# YOUR ASSIGNMENT:
Please return the full listing exactly as written, with the images removed.

# SOURCE DATA:
..............................
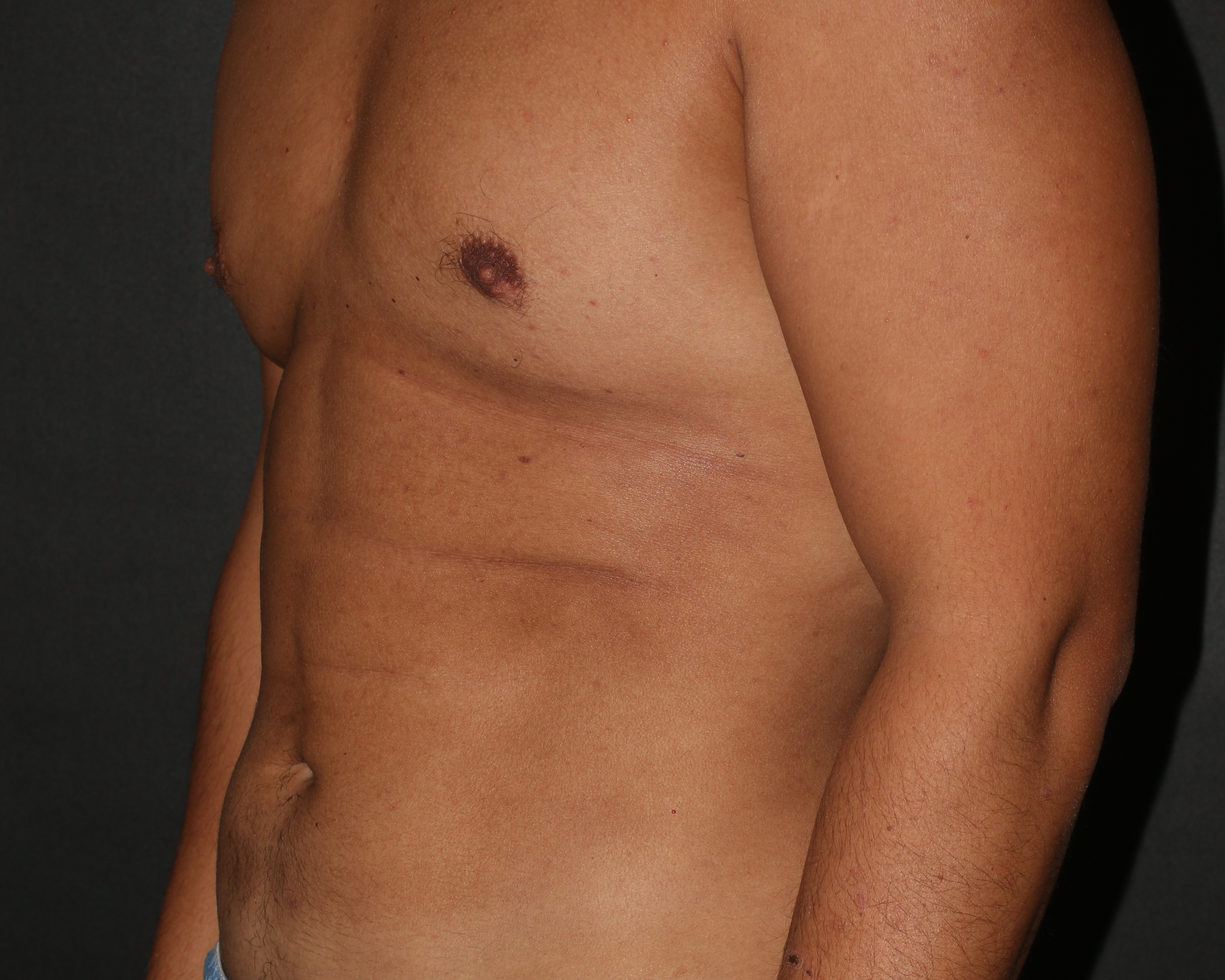 (#35737) Gynecomastia with excision & liposuction to breasts=200cc. Lipo to Hips=1,900cc. Lipo to Abdomen=1,150ccc. Height: 5’9″ Weight: 185 lbs.
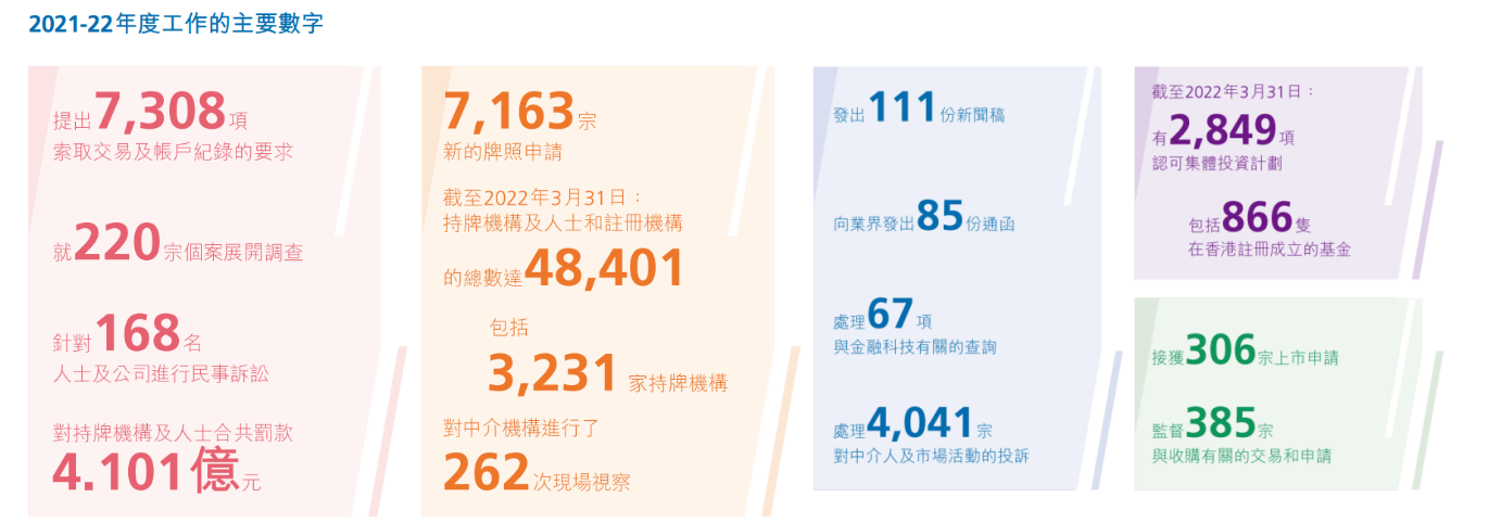 依据SFC2021-2022年年度工作摘要,SFC全年共展开了220项个案调查,发起了168起民事诉讼,对持牌机构和个人合计罚款4.101亿港元。除了执法以外,另一个重要数据是该年度SFC收到了7163件牌照申请;通过WING处理了超过38000件牌照资料审核。
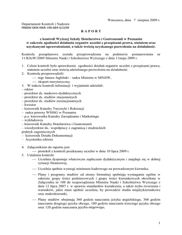 Warszawa, dnia 7 sierpnia 2009 r. Departament Kontroli i Nadzoru MNiSW-DKN-WKR-190-684-5/JJ/09 RAPORT z kontroli WyŜszej Szkoły Hotelarstwa i Gastronomii w Poznaniu w zakresie zgodności działania organów uczelni z przepisami prawa, statutem oraz uzyskanymi uprawnieniami, a takŜe treścią uzyskanego pozwolenia na działalność. Kontrola pozaplanowa została przeprowadzona na podstawie postanowienia 11/KSzW/2009 Ministra Nauki i Szkolnictwa WyŜszego z dnia 11maja 2009 r. nr 1. Celem kontroli było sprawdzenie zgodności działań organów uczelni z przepisami prawa, statutem uczelni oraz treścią udzielonego pozwolenia na działalność. 2. Kontrolę przeprowadzili: mgr Janusz Jagliński – radca Ministra w MNiSW, ekspert merytoryczny. 3. W trakcie kontroli informacji i wyjaśnień udzielali: – rektor – prorektor ds. naukowo-dydaktycznych – prorektor ds. studiów stacjonarnych – prorektor ds. studiów niestacjonarnych – kwestor – kierownik Katedry Turystyki i Rekreacji – radca prawny WSHiG w Poznaniu – p.o. kierownika Katedry Zarządzania i Marketingu – wykładowca – kierownik Katedry Hotelarstwa i Gastronomii – wicedyrektor ds.. współpracy z zagranicą i studenckich praktyk zagranicznych – kierownik Działu Dokumentacji – Asystentka rektora 4. Załącznikiem do raportu jest: protokół z kontroli przekazany uczelni w dniu 10 lipca 2009 r. 5. Ustalenia kontroli: Uczelnia dysponuje właściwym zapleczem dydaktycznym i znajduje się w dobrej sytuacji finansowej, Uczelnia spełnia wymogi minimum kadrowego na prowadzonym kierunku, Plany i programy studiów od strony formalnej spełniają wymagania ogólne w zakresie grupy treści podstawowych i grupy treści kierunkowych określone w Załączniku nr 108 do rozporządzenia Ministra Nauki i Szkolnictwa WyŜszego z dnia 12 lipca 2007 r. w sprawie standardów kształcenia, a takŜe trybu tworzenia i warunków, jakie musi spełnić uczelnia, by prowadzić studia międzykierunkowe oraz makrokierunki, Plany studiów obejmują 360 godzin nauczania jeŜyka angielskiego, 360 godzin nauczania drugiego języka obcego, 180 godzin nauczania trzeciego języka obcego oraz 120 godzin nauczania języka migowego, 1 Wybory do Rady Naukowo-Dydaktycznej w dniu 7 marca 2007 r. zostały przeprowadzone niezgodnie z obowiązującymi zasadami: brak komisji skrutacyjnej, wybrano członków Rady mimo braku wymaganej liczby głosów, Liczba studentów w Radzie Naukowo-Dydaktycznej nie spełnia wymogów art. 61 ust. 3 ustawy – Prawo o szkolnictwie wyŜszym, Większość nauczycieli akademickich nie przeszła obowiązkowego szkolenia z zakresu BHP, Występują liczne przypadki stosowania faksymile organów jednoosobowych uczelni zamiast podpisów oryginalnych, Korekty w księdze dyplomów nie są zgodne z § 15 ust. 2 Rozporządzenia Ministra Nauki i Szkolnictwa WyŜszego z dnia 2 listopada 2006 r. w sprawie dokumentacji przebiegu studiów, W badanych teczkach osobowych studentów stwierdzono jeden przypadek przyjęcia na studia osoby bez wymaganych dokumentów dotyczących przebiegu studiów w innej uczelni, Studenci cudzoziemcy zdawali egzaminy potwierdzające przygotowanie oraz znajomość języka polskiego w stopniu pozwalającym na podjęcie studiów w WyŜszej Szkole Hotelarstwa i Gastronomii w Poznaniu zgodnie z rozporządzeniem Ministra Nauki i Szkolnictwa WyŜszego z dnia 12 października 2006 r. w sprawie podejmowania i odbywania przez cudzoziemców studiów i szkoleń oraz ich uczestniczenia w badaniach naukowych i pracach rozwojowych, Uczelnia posiada autorskie programy praktyk zawodowych dla studentów specjalności: hotelarstwo i gastronomia, obsługa ruchu turystycznego, zarządzanie i marketing w hotelarstwie, gastronomii, turystyce i rekreacji, Umowy zawierane ze studentami dotyczące praktyk zagranicznych spełniają warunki określone w uczelnianym Regulaminie Praktyk Zawodowych obowiązującym od 1 października 2008 r., opracowanym m.in. na podstawie rozporządzenia Rady Ministrów z dnia 12 sierpnia 1991 r. w sprawie studenckich praktyk zawodowych, Umowy zawierane z firmami prowadzącymi praktyki studenckie zagraniczne (hotele) określają prawa i obowiązki uczelni, hotelu i praktykanta, w tym obowiązkiem wystawienia certyfikatu z opinią kaŜdemu praktykantowi, wyjazdy studentów na praktyki zagraniczne odbywały się z zachowaniem formalności związanych ze zmianą terminu sesji egzaminacyjnej, uczelnia stosuje „Karty wyjeŜdŜającego na praktyki zagraniczne”, w której do uzyskania zgody rektora na wyjazd na praktykę zagraniczną konieczne jest uzyskanie co najmniej sześciu podpisów pracowników słuŜb uczelni, w tym potwierdzających znajomość języka kraju odbywania praktyki zagranicznej. 6. W wyniku kontroli wnioskuję o wystosowanie w trybie art. 37 ust. 1 ustawy - Prawo o szkolnictwie wyŜszym, pisma pokontrolnego do WyŜszej Szkoły Hotelarstwa i Gastronomii w Poznaniu z uwagami dotyczącymi konieczności: Przeprowadzenia wyborów wymogami Statutu, do Rady Naukowo-Dydaktycznej zgodnie z 2 Powołania do Rady Naukowo-Dydaktycznej studentów w liczbieco najmniej 20 % składu Rady, Przeprowadzenia szkolenia BHP dla pracowników uczelni, Zwiększenia nadzoru nad dokumentacją przebiegu studiów i zlikwidowania praktyki stosowania faksymile organów jednoosobowych uczelni, Zaniechania praktyki przyjmowania na studia osób bez wymaganej dokumentacji, Poinformowania Departamentu Kontroli i Nadzoru MNiSW o stanie realizacji powyŜszych wniosków do dnia 30 września 2009 r. Raport został zatwierdzony przez Ministra Nauki i Szkolnictwa WyŜszego 10 sierpnia 2009r. 3
..............................
# WRITTEN ANSWER:
 (#35737) Gynecomastia with excision & liposuction to breasts=200cc. Lipo to Hips=1,900cc. Lipo to Abdomen=1,150ccc. Height: 5’9″ Weight: 185 lbs.
 依据SFC2021-2022年年度工作摘要,SFC全年共展开了220项个案调查,发起了168起民事诉讼,对持牌机构和个人合计罚款4.101亿港元。除了执法以外,另一个重要数据是该年度SFC收到了7163件牌照申请;通过WING处理了超过38000件牌照资料审核。
 Warszawa, dnia 7 sierpnia 2009 r. Departament Kontroli i Nadzoru MNiSW-DKN-WKR-190-684-5/JJ/09 RAPORT z kontroli WyŜszej Szkoły Hotelarstwa i Gastronomii w Poznaniu w zakresie zgodności działania organów uczelni z przepisami prawa, statutem oraz uzyskanymi uprawnieniami, a takŜe treścią uzyskanego pozwolenia na działalność. Kontrola pozaplanowa została przeprowadzona na podstawie postanowienia 11/KSzW/2009 Ministra Nauki i Szkolnictwa WyŜszego z dnia 11maja 2009 r. nr 1. Celem kontroli było sprawdzenie zgodności działań organów uczelni z przepisami prawa, statutem uczelni oraz treścią udzielonego pozwolenia na działalność. 2. Kontrolę przeprowadzili: mgr Janusz Jagliński – radca Ministra w MNiSW, ekspert merytoryczny. 3. W trakcie kontroli informacji i wyjaśnień udzielali: – rektor – prorektor ds. naukowo-dydaktycznych – prorektor ds. studiów stacjonarnych – prorektor ds. studiów niestacjonarnych – kwestor – kierownik Katedry Turystyki i Rekreacji – radca prawny WSHiG w Poznaniu – p.o. kierownika Katedry Zarządzania i Marketingu – wykładowca – kierownik Katedry Hotelarstwa i Gastronomii – wicedyrektor ds.. współpracy z zagranicą i studenckich praktyk zagranicznych – kierownik Działu Dokumentacji – Asystentka rektora 4. Załącznikiem do raportu jest: protokół z kontroli przekazany uczelni w dniu 10 lipca 2009 r. 5. Ustalenia kontroli: Uczelnia dysponuje właściwym zapleczem dydaktycznym i znajduje się w dobrej sytuacji finansowej, Uczelnia spełnia wymogi minimum kadrowego na prowadzonym kierunku, Plany i programy studiów od strony formalnej spełniają wymagania ogólne w zakresie grupy treści podstawowych i grupy treści kierunkowych określone w Załączniku nr 108 do rozporządzenia Ministra Nauki i Szkolnictwa WyŜszego z dnia 12 lipca 2007 r. w sprawie standardów kształcenia, a takŜe trybu tworzenia i warunków, jakie musi spełnić uczelnia, by prowadzić studia międzykierunkowe oraz makrokierunki, Plany studiów obejmują 360 godzin nauczania jeŜyka angielskiego, 360 godzin nauczania drugiego języka obcego, 180 godzin nauczania trzeciego języka obcego oraz 120 godzin nauczania języka migowego, 1 Wybory do Rady Naukowo-Dydaktycznej w dniu 7 marca 2007 r. zostały przeprowadzone niezgodnie z obowiązującymi zasadami: brak komisji skrutacyjnej, wybrano członków Rady mimo braku wymaganej liczby głosów, Liczba studentów w Radzie Naukowo-Dydaktycznej nie spełnia wymogów art. 61 ust. 3 ustawy – Prawo o szkolnictwie wyŜszym, Większość nauczycieli akademickich nie przeszła obowiązkowego szkolenia z zakresu BHP, Występują liczne przypadki stosowania faksymile organów jednoosobowych uczelni zamiast podpisów oryginalnych, Korekty w księdze dyplomów nie są zgodne z § 15 ust. 2 Rozporządzenia Ministra Nauki i Szkolnictwa WyŜszego z dnia 2 listopada 2006 r. w sprawie dokumentacji przebiegu studiów, W badanych teczkach osobowych studentów stwierdzono jeden przypadek przyjęcia na studia osoby bez wymaganych dokumentów dotyczących przebiegu studiów w innej uczelni, Studenci cudzoziemcy zdawali egzaminy potwierdzające przygotowanie oraz znajomość języka polskiego w stopniu pozwalającym na podjęcie studiów w WyŜszej Szkole Hotelarstwa i Gastronomii w Poznaniu zgodnie z rozporządzeniem Ministra Nauki i Szkolnictwa WyŜszego z dnia 12 października 2006 r. w sprawie podejmowania i odbywania przez cudzoziemców studiów i szkoleń oraz ich uczestniczenia w badaniach naukowych i pracach rozwojowych, Uczelnia posiada autorskie programy praktyk zawodowych dla studentów specjalności: hotelarstwo i gastronomia, obsługa ruchu turystycznego, zarządzanie i marketing w hotelarstwie, gastronomii, turystyce i rekreacji, Umowy zawierane ze studentami dotyczące praktyk zagranicznych spełniają warunki określone w uczelnianym Regulaminie Praktyk Zawodowych obowiązującym od 1 października 2008 r., opracowanym m.in. na podstawie rozporządzenia Rady Ministrów z dnia 12 sierpnia 1991 r. w sprawie studenckich praktyk zawodowych, Umowy zawierane z firmami prowadzącymi praktyki studenckie zagraniczne (hotele) określają prawa i obowiązki uczelni, hotelu i praktykanta, w tym obowiązkiem wystawienia certyfikatu z opinią kaŜdemu praktykantowi, wyjazdy studentów na praktyki zagraniczne odbywały się z zachowaniem formalności związanych ze zmianą terminu sesji egzaminacyjnej, uczelnia stosuje „Karty wyjeŜdŜającego na praktyki zagraniczne”, w której do uzyskania zgody rektora na wyjazd na praktykę zagraniczną konieczne jest uzyskanie co najmniej sześciu podpisów pracowników słuŜb uczelni, w tym potwierdzających znajomość języka kraju odbywania praktyki zagranicznej. 6. W wyniku kontroli wnioskuję o wystosowanie w trybie art. 37 ust. 1 ustawy - Prawo o szkolnictwie wyŜszym, pisma pokontrolnego do WyŜszej Szkoły Hotelarstwa i Gastronomii w Poznaniu z uwagami dotyczącymi konieczności: Przeprowadzenia wyborów wymogami Statutu, do Rady Naukowo-Dydaktycznej zgodnie z 2 Powołania do Rady Naukowo-Dydaktycznej studentów w liczbieco najmniej 20 % składu Rady, Przeprowadzenia szkolenia BHP dla pracowników uczelni, Zwiększenia nadzoru nad dokumentacją przebiegu studiów i zlikwidowania praktyki stosowania faksymile organów jednoosobowych uczelni, Zaniechania praktyki przyjmowania na studia osób bez wymaganej dokumentacji, Poinformowania Departamentu Kontroli i Nadzoru MNiSW o stanie realizacji powyŜszych wniosków do dnia 30 września 2009 r. Raport został zatwierdzony przez Ministra Nauki i Szkolnictwa WyŜszego 10 sierpnia 2009r. 3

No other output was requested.